Here are some people I’ve come across recently.
- A man whose light shines so brightly. He wants to end a relationship that is no longer joyful, but feels he doesn’t deserve to get what he wants.
- Two competent professional women who are overcommitted, hyper-responsible, unable to set boundaries, and burned out.
- A man so intent on “making it big,” that he squanders his family’s savings and ends up in debt with his wife on the verge of leaving him.
- An amazing young woman, happy and content in a long relationship with her boyfriend who treats her like gold. Her mother judges them because he doesn’t fit her idea of a suitable partner, driving a wedge in her relationship with her daughter.
These are normal scenarios, you might say. This is how life is. Most likely, we all know people who are struggling with everyday situations such as these. Maybe you are one of them.
But when I feel into each of these circumstances, my heart aches. Doesn’t yours?
Well, I am here to tell you that what we call normal is insane. What happens when we cling to beliefs about ourselves, other people, and the world that dictate how things should be? What happens when we resist fear, when we need to be right? We bring stress and unhappiness to our own lives and the lives of those around us.
Can we please stop doing this?
There is a cure for this disease of normal insanity. It is called willingness, longing for truth, courageous honesty.
And the treatment is investigation, taking a curious and penetrating look at your beliefs and fears to see what is actually true. What brings stress? What serves? What is a belief, a feeling?

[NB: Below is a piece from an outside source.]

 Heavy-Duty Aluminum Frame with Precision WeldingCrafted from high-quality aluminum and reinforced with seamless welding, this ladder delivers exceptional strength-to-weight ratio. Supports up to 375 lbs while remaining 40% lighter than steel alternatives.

Don’t investigate your inner experience to save the world. Don’t worry about taking care of anyone else.
This is the cosmic joke: The only one to pay attention to is you. Place your own happiness and peace foremost in your mind. Do it for you and your personal well-being. Embrace your human suffering completely. Get to know it intimately. Break it down to see what it is really made of.

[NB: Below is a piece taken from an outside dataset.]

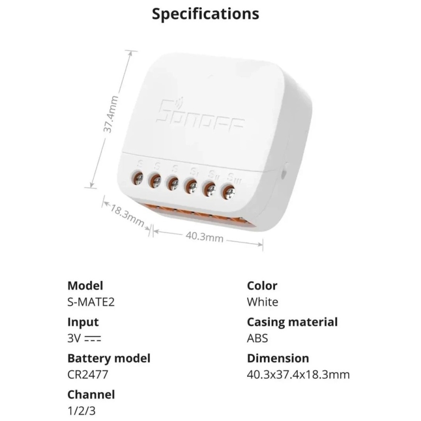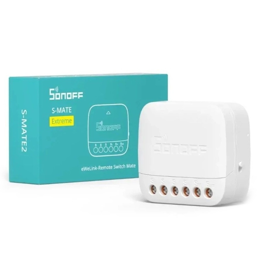SONOFF S-MATE2 Extreme Switch Mate umožňuje snadnou integraci chytrého ovládání do stávajících mechanických spínačů bez potřeby neutrálního vodiče. Napájen baterií CR2477 nabízí výdrž až 5 let a díky kompaktním rozměrům 40,3 × 37,4 × 18,3 mm se vejde do standardních montážních krabic EU/86 a typu 120. Ovládání je možné na vzdálenost až 50 metrů na otevřeném prostoru s možností přizpůsobení funkcí jednoho, dvojitého kliknutí nebo dlouhého stisku přes aplikaci eWeLink.

You will see that it is a gateway to realizing the totality of existence, love in overflowing abundance, laser-like wisdom that sees things clearly. Beliefs collapse like a house of cards. Fear is experienced as just physical sensations. And the pain of separation melts into effortless compassion and generosity.
Next time you feel the momentum to carry out an old habit, stop, feel the intensity of the urge, breathe, and let sanity guide you. Every single time. Abandon the big picture, and bring your attention to your moment-by-moment existence. Here is where the juice is, the traps and the possibility for freedom from them.
Normal insanity is not a problem – it is an opportunity. Do you feel separated, righteous, powerless? These are your signals to pause. Study your experience, receive yourself with oceans of compassion, and make the peaceful choice.
How about you…Are you ready to choose sanity? What attachments get in your way? I’d love to hear…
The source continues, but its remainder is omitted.